Miriam Gross would have suffered the same fate, had Rommel's army succeeded in overrunning Egypt and Palestine. She was born in Jerusalem in 1938, the daughter of German-Jewish émigrés. Her "almost English life" was the consequence of her parents' decision, when they returned to Frankfurt after the war, not to educate her as a German; instead, they sent her to Dartington, an experimental boarding school in England. Like Fest, she later enjoyed a brilliant career as a literary journalist, recounted here with a beady eye and a dry wit. Her interviews are classics of the genre.
The chapters on her early life first appeared in Standpoint, of which she was senior editor. A moving passage describes her return many years later to Jerusalem, where she tries to find her family home above the fashion shop they had once owned — in vain, until she enters the "Dickensian cave" of Ludwig Mayer's Bookshop, where the elderly bookseller (another Berliner) helps her find it.
Miriam Gross recalls a teenage argument with her father, who insisted that "however horrified and remorseful people felt about the Holocaust, however much they claimed that such a thing could never happen again, prejudice against the Jews would reappear in about 50 years' time. I poured scorn on this view, reproving my father for being defeatist and out of touch. Now I know better." She concludes: "There is plenty of anti-Jewish feeling in England too; but I firmly believe that it is a country where racism of any kind will never be allowed to flourish." The key, she says, is decency — the same quality that Andrew Gimson thinks is dying out (Critique).
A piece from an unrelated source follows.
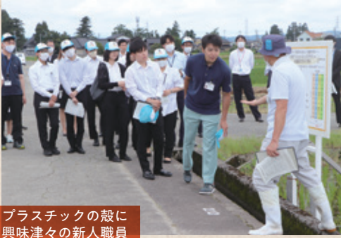
プラスチックの殻に興味津々の新人職員

たまま、まわりの人たちにおすそ分けするかのようになり、見せて回った。興味津々の様子で、純粹に学びを楽しんでいるように見えた。

Let us hope Miriam Gross is right. In his memoir of Treblinka, the Yiddish writer Chil Rajchman recalls a particularly sadistic Nazi proposing a toast in the midst of his bestial work: "We drink to the imminent arrival of the Jews of England!" But for the grace of God, Britain too might indeed have succumbed. If we are to prevent the descent of Europe once again into the abyss of anti-Semitism, we cannot pass over such atrocities as the recent massacres of Jews in Toulouse and Bulgaria in silence. The time to speak out is now.